『ドラキュラ紀元』を読んだ

 この小説はどれくらいの知名度なんだろうか。

 漫画『ヘルシング』はもちろん、Fateシリーズにも大きな影響を与えているんじゃないかとどうしても勘繰ってしまう。誰もが耳にしたことあるような怪物や偉人が物語狭しと活躍、字の通りまさに活き躍る作品。

 自分は一応はオタクとして生きていると自覚はしていても、各種評論や作家同士の対談など、手軽に読めるものしか目を通せていない。設定集とか、高いからね……作家の座談会とか、全部東京だしね……。

 そのために自分の記憶では、定番の質問やトピック「この作品に影響を与えた作家や作品は?」という事項に対してこの『ドラキュラ紀元』を目にした記憶がないのが不思議に思える。

 それほどまでに、ファンタジー小説として、伝奇小説としての読み味は充実している。

 

 『ドラキュラ紀元』に類する物語作品は今や数多くあるかもしれない。Fate、特にFGOの隆盛以降、恐ろしいことに二次創作でも資料と考察が練られたものであればこれくらいの情報量の作品を目にすることは、2023年現在簡単なことかもしれない。

 でもそれは結局、現在になって書かれた物語であり、この小説の魅力のひとつとしてあるのは、確実に90年代前半に書かれているということが挙げられる。

 物語の構造、そして何より文体が30年近く前に作られたものであると読者に訴えかけながらも、16歳の少女のまま400年近く生きるヴァンパイアの少女と、英国秘密結社の闇を抱えた男という、鮮やかな関係性が映えている。

 

 『ドラキュラ紀元』は紛れもない冒険小説だった。もちろん作者は独自に調査した資料と同志たちと練った考察を読者に伝えるために、物語を作ったのだと思う。

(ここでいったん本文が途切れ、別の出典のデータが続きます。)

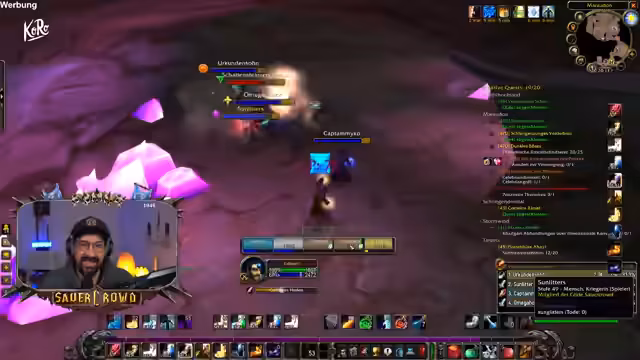 09:52:39Es gibt eine Diskussion innerhalb der Gilde über ein eventuelles Projektende, da einige Mitglieder über das Aufhören nachdenken, da sie nach dem Erreichen von Level 45 einen anderen Spielstil bevorzugen. Währenddessen wird der Tod eines Gilde-Mitglieds namens Chris thematisiert, der in ein Hordelager geraten ist. Der Streamer zeigt Mitgefühl und äußert Bedauern, da er ihm hätte helfen können, doch der Chat berichtet, dass der Tod durch AFK-Stehen bei einer Quest verursacht wurde.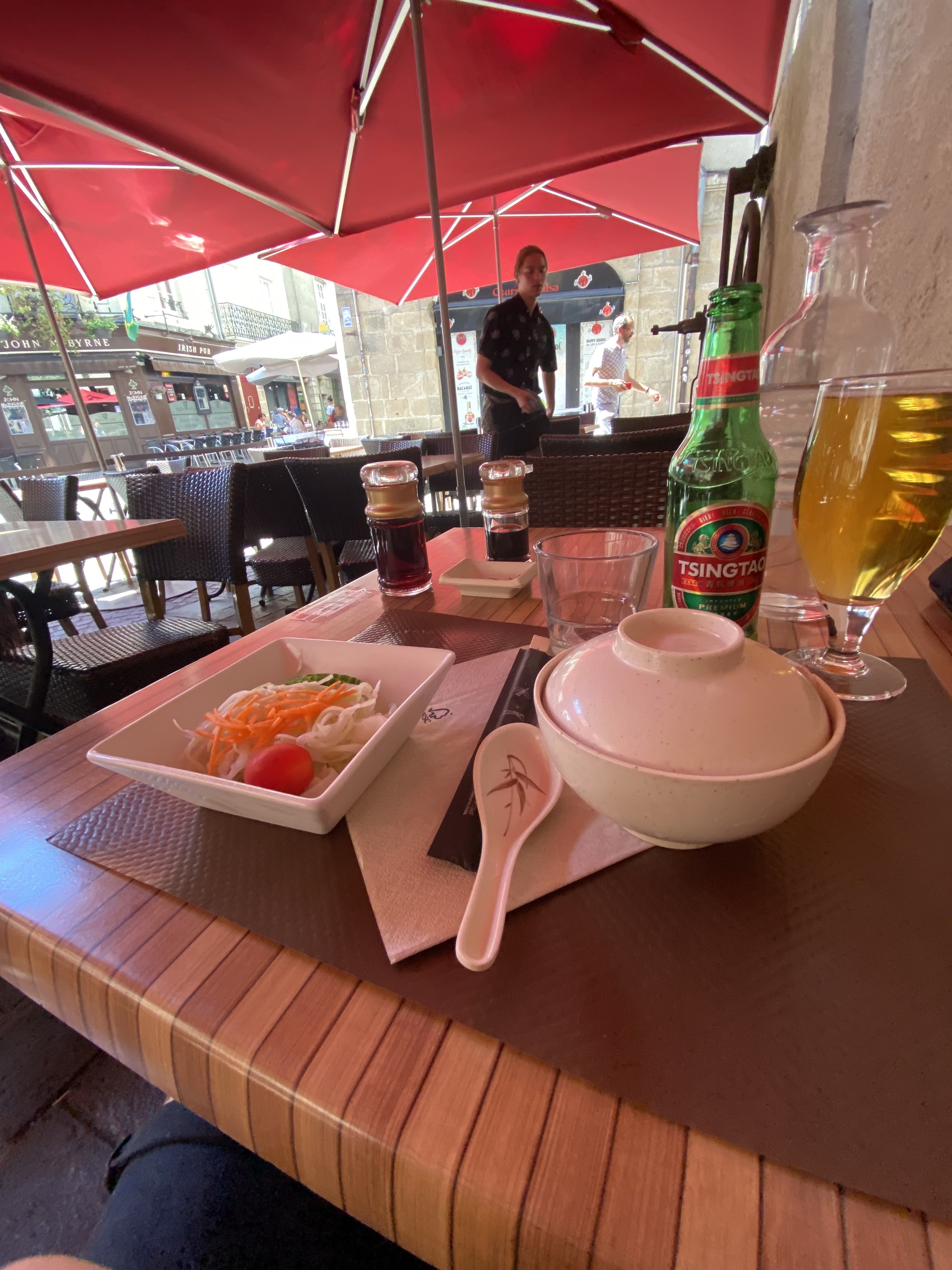 Endroit très sympa à l’ombre sous les parasols dans cette petite rue piétonne. La cuisine coréenne très appréciée. C’était délicieux. Service rapide et serveuse adorable et très discrète. Un très bon moment avec mes deux enfants d’origine asiatiques qui adorent cette cuisine.

 切り裂きジャックの無惨な犯行は、ヴァンパイアが跋扈する世界にあって現実にも増してグロテスクで、異形が支配するロンドンは退廃を極め陰惨に描かれている。

 そのような環境下にあっても、この小説は読んでいて楽しい。読者の身に馴染む鮮やかさを湛えた登場人物が、陰謀渦巻く殺人事件の真実に近づいていく展開は、次々と気持ちよく物語の続きを読みたくさせる。その欲求に自然と従えば、グロテスクなはずなのに読んでいて爽やかにも思えるほどの冒険を感じることができる。

 

 以下、こんなことを書くと、アナログ主義なのかとか、結果よりプロセス派かよとかいう感じだが。

 30年前に資料と考察を存分に詰め込んだ伝奇を書くとなると、インターネットが発達した現在とは情報のインプット・アウトプットが変わってきて、それにより物語の形成も30年前当時特有になって読み味に現れるということもあるんじゃないかと感じさせる。

 それはある種小説に酔わされたロマンチックな想像かもしれないが、血と霧に酔わされるというのは、『ドラキュラ紀元』に上手く浸ることができた証拠にもなるんじゃないかと、悪い気はしない。